Michele Bitossi – A Noi Due

ANNO: 2019
ETICHETTA: The Prisoner/Urtovox
GENERE: cantautorato pop

PROTAGONISTI: Michele “Mezzala” Bitossi: Voci, Chitarre Acustica, Chitarra Elettrica; Federico “Bandiani” Lagomarsino: Batteria, Percussioni; Tristan David Martinelli: Basso elettrico, Chitarre elettriche, Ukulele, Percussioni; Tina Omerzo: Pianoforte; Ivan A. Rossi: Chitarra elettrica, Basso elettrico, Sintetizzatori, Campionamenti. Prodotto, registrato e missato da Ivan A. Rossi, arrangiato da Ivan A. Rossi e Michele “Mezzala” Bitossi.
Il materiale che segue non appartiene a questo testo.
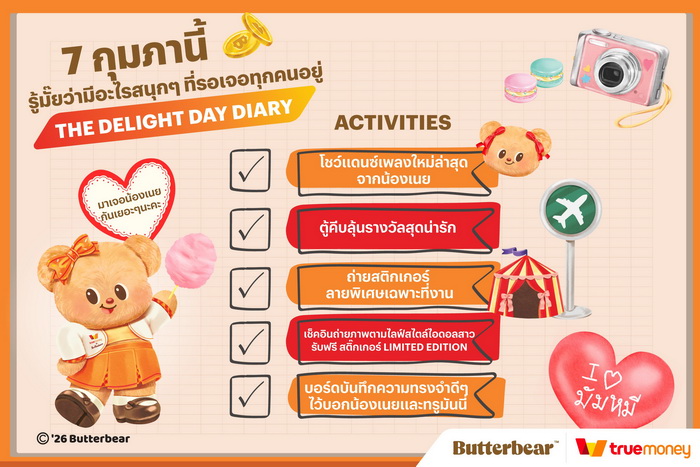 ทรูมันนี่ ผู้นำด้านบริการอิเล็กทรอนิกส์เพย์เมนต์และผู้ให้บริการทางการเงินดิจิทัลชั้นนำในภูมิภาคเอเชียตะวันออกเฉียงใต้ ชวนเหล่ามัมหมีร่วมสัมผัสประสบการณ์สุดเอกซ์คลูซิฟในงาน “The Delight Day Diary” อีเวนต์พิเศษที่มาพร้อมความน่ารักสดใสของ “น้องเนย” (Butterbear) ไอดอลสาวสุดฮอตขวัญใจมหาชน ยกทัพกิจกรรมมากมายมาไว้ในงานเดียว ให้แฟน ๆ ได้ร่วมสร้างโมเมนต์สุดประทับใจแบบใกล้ชิด โดยงานจะจัดขึ้นใน วันเสาร์ที่ 7 กุมภาพันธ์ 2569 ณ INFINICITY HALL ชั้น 5 ศูนย์การค้าสยามพารากอน และเปิดให้เข้าร่วมงานฟรี ไม่มีค่าใช้จ่าย

INGREDIENTI: per la prima volta nella sua ventennale carriera, Bitossi non si propone né come leader di una band, né con un nome d’arte, ma firma queste canzoni con il proprio nome e cognome. L’autore lo presenta come “un disco con più anime ma, credo, con una sua coerenza di fondo”, ed effettivamente, basta ascoltare anche solo le prime tre canzoni per rendersi conto di cosa intenda Bitossi. Si passa, infatti, da una A Noi Due caratterizzata dalla voglia di esorcizzare il dolore per un divorzio dopo 16 anni di amore mettendo un testo sofferto sotto la forma musicale di un pop arioso e in equilibrio tra pienezza e morbidezza, a una Un Gusto Strano che, invece, lascia poche speranze per un futuro migliore, per via non solo del testo, ma anche del ritmo lento e del suono molto più in linea con ciò che si canta, a una Fino A Domani che, dal canto suo, risulta incalzante e che rappresenta bene le atmosfere da viaggio on the road con un buon amico con cui si fanno discorsi interessanti e significativi. La coerenza di cui parla il musicista genovese è data dall’idea generale di un suono pulito e di facile ascolto, con arrangiamenti dalla struttura relativamente semplice e che punta a valorizzare al meglio melodie parimenti immediate e un timbro vocale molto caratterizzato dalla precisione formale.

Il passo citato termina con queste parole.